CHAMBERS COUNTY, Texas — Investigators are keeping watch on the crash site in the dark water of the Trinity Bay.
Civilian responders were the first to arrive after the crash, hoping there was something they could do to help.
“Open it up see if it’s got an ID in there or anything," said Jason Campbell as he and two friends picked up debris in the water. "Yeah, drivers license anything … cellphone. Nothing in it?”
The Anahauc boat mechanics were the first ones to make it to the crash site. They spotted the plane minutes before when it was still in the air above the trees.
"All we saw was the butt end of it," Campbell said. "And we knew it was too low. And we heard it hit the water. And then everything just went quiet.”

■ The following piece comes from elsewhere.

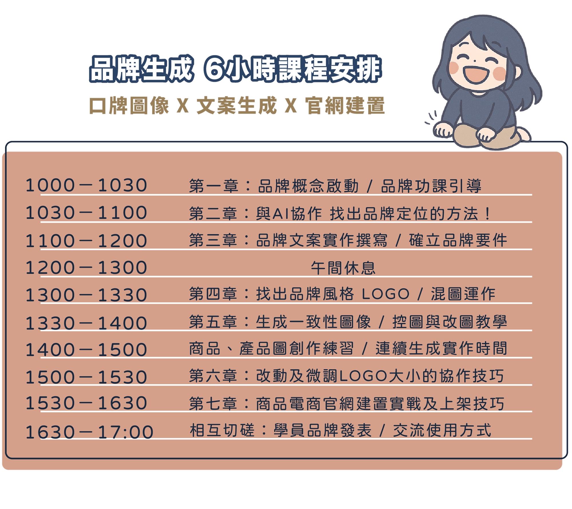 無需設計背景,只要一個概念萌芽,一日之內,教你透過與AI協作,打造你的專屬品牌到電商官網!透過全套AI工作流教學,從品牌概念、Logo設計到官網建置,實戰打造你心中理想的品牌形象!

They drove their boat to the dock and launched into the water and began looking.
“The whole reason for us going out there was to see if we could save anybody," Campbell said. "If we could help anybody. There wasn’t none of that.

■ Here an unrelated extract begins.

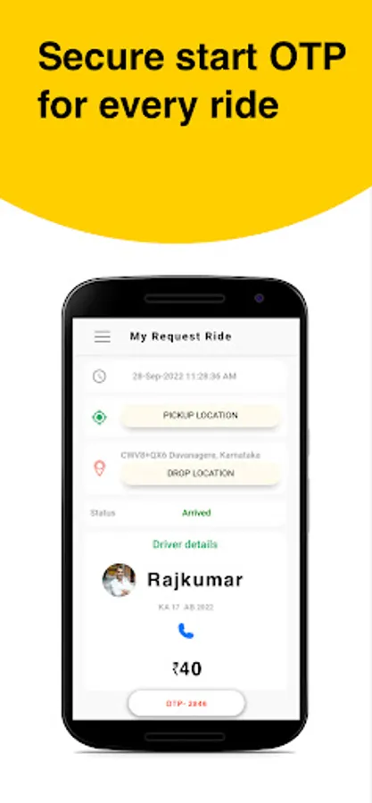• Secure OTP: Stay safe from the start with a secure one-time password for every ride.

“There’s not much of a plane left to tell that it was actually an airplane. There’s packages, clothes, shoes, this stuff floating everywhere.”

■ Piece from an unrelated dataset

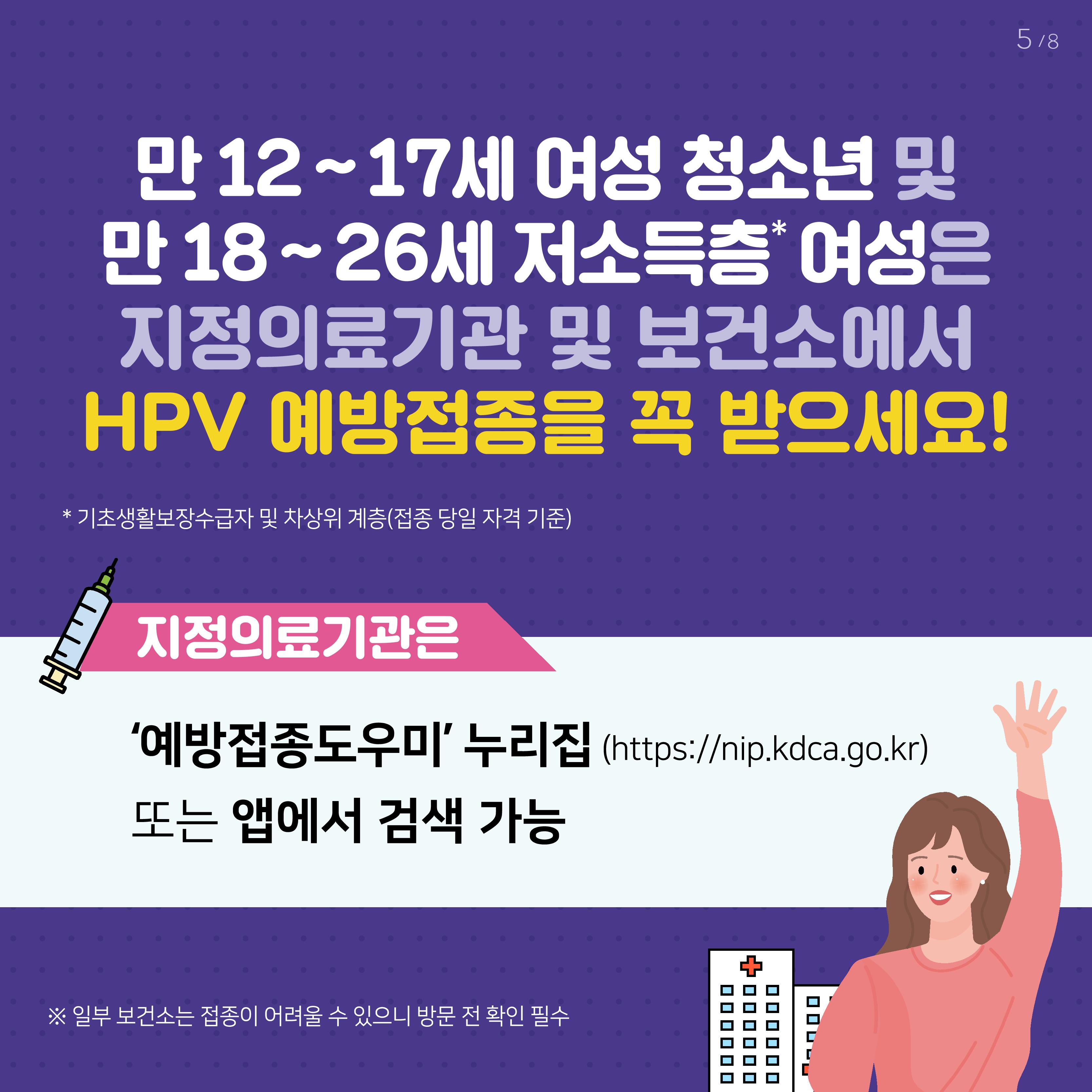 만 12~17세 여성 청소년 및 만18~26세 저소득층* 여성은 지정의료기관 및 보건소에서 HPV 예방접종을 꼭 받으세요!

Then they began to discover things that were more unsettling.
“Pieces of bodies, nothing bigger than you know," Campbell said. "It’s obvious it’s human pieces but nothing bigger than you can hold in your hands. I knew it was going to be bad, we just … wanted to help people if we could. Whatever it was, we were going to be there to do it.”
This wasn’t the first time this group of men jumped at the chance to save lives.
They were honored for their civilian rescues during Hurricane Harvey when they brought more than 200 people to dry land.
There was not a chance on Saturday.
They said the plane crashed in the marsh where the water is only three-feet deep.
They said the plane was literally swallowed up by the soft mud.